A stroke patient has thanked the team who treated him by sending them a video from the top of one of the UK’s highest mountains just four months after a stroke left him unable to walk at all.
John Webb, 58, climbed Mount Snowdon in Wales after suffering a stroke in March this year. After treatment at the Acute Stroke Unit at the Royal Hallamshire Hospital in Sheffield, followed by rehabilitation at the Stroke Pathway Assessment and Rehabilitation Centre and at home with the community stroke service, he was able to complete the challenging solo hike.
“I just want to say a massive thank you to everyone that looked after me and said I could do this thing,” said John of Totley, Sheffield. “Less than four months ago I couldn’t even walk, and here I am at the top of Snowdon, which is all down to you guys. The doctors, nurses, physios, everyone that has helped me – I appreciate you so much and I just wanted to let you know that.”
John’s stroke was caused by a split in a vein. “It was the middle of the night and I woke up feeling like my nose was going to explode and I was going to have a nosebleed. Then it calmed down and I went back to sleep. But in the morning I just could not get out of bed. I was incredibly dizzy and I told my wife to call the ambulance.
“I thought it was vertigo, but I had a scan at the hospital and they told me it could be a stroke. It was a shock because I still think of myself as relatively young and active guy at 58, but I am a very positive person and although I could not sit or stand at that point, I still had my faculties and I felt like I would be OK.”

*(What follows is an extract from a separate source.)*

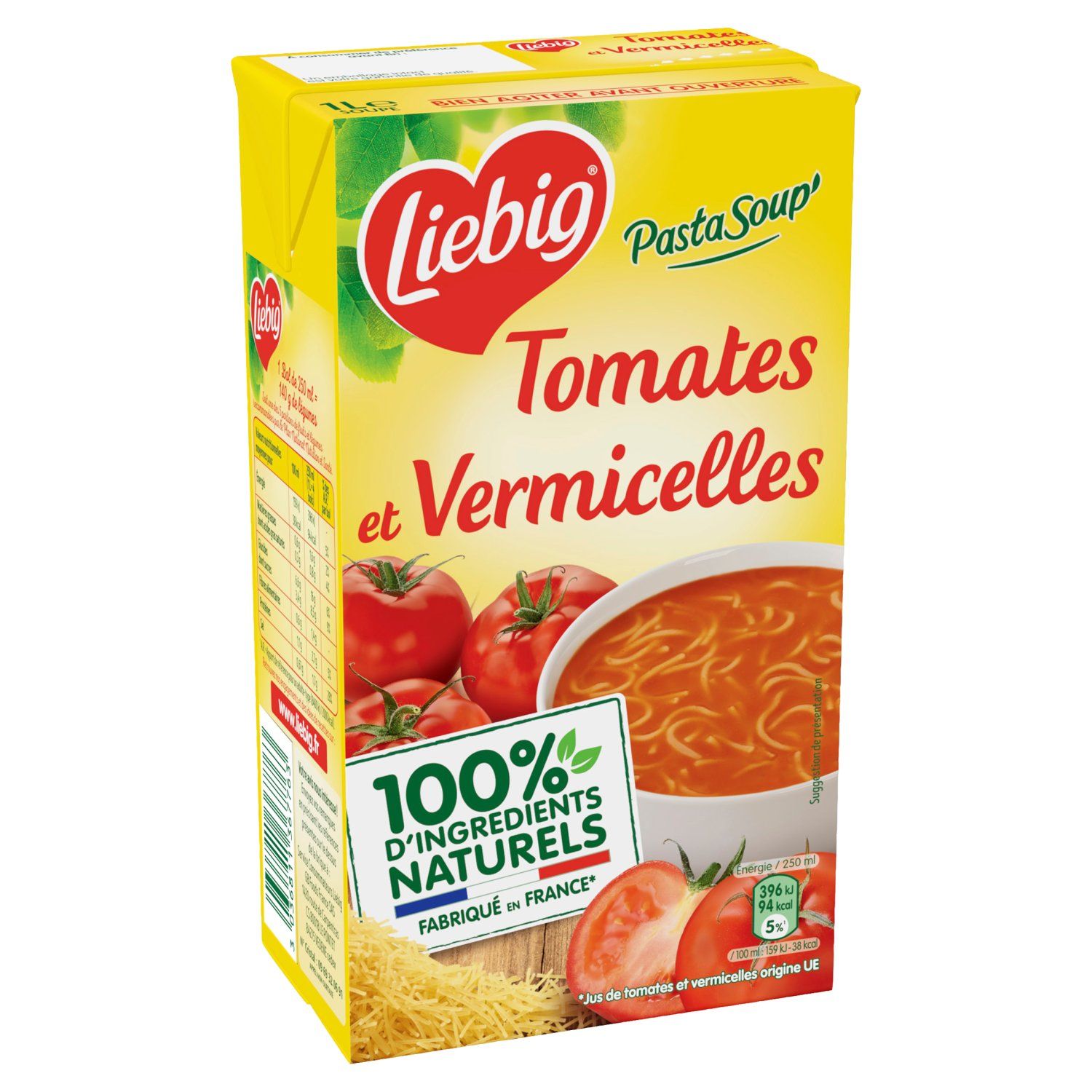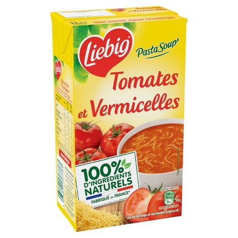 Faites vous plaisir avec les Pastasoup' Liebig. Des soupes réconfortantes pour les petits et les grands. Ces potages à la texture veloutée sont cuisinés avec amour dans notre usine en France (Légumes origine UE et non-UE) depuis 1962 avec 100% d'ingrédients naturels. Nos légumes sont sélectionnés avec soin et cueillis à maturité par nos producteurs. Pour garantir leur conservation sans aucun ajout de conservateur², nos soupes sont chauffées à haute température avant d'être mises en brique. Notre équipe qualité contrôle quotidiennement nos soupes afin de garantir les meilleurs produits. Retrouvez ces soupes en brique familiale 1L. ²Comme toutes les soupes du rayon ambiant Liebig est l'inventeur de la soupe en brique, emballage qui permet de préserver la qualité des légumes pendant plusieurs mois sans ajout de conservateur. Cette recette Liebig est fabriquée dans notre usine près d'Avignon en Provence. Nos équipes locales s'engagent à vous proposer des produits de qualité élaborés aves des légumes cultivés avec soin et récoltés à maturité. Pour plus d'informations sur notre histoire ou nos recettes, rendez-vous sur www.liebig.fr

Being an active person, who had completed four marathons and 80 half-marathons and was a keen footballer prior to the stroke, John wanted to set himself a challenge as he continued his recovery.
“Climbing Snowdon was one thing I wanted to accomplish,” he said. “It was a challenge, but I thought I am going to get through it and I am going to do it. I feel better when I am doing things. I am a very determined person and if I want something I will really push for it.”
Although the father-of-two had the support of his family, he did the challenge against their wishes. “My son was saying ‘you can’t just go and do that’ but they are very proud of me.”
It took John about three hours to ascend the mountain, and two hours to descend.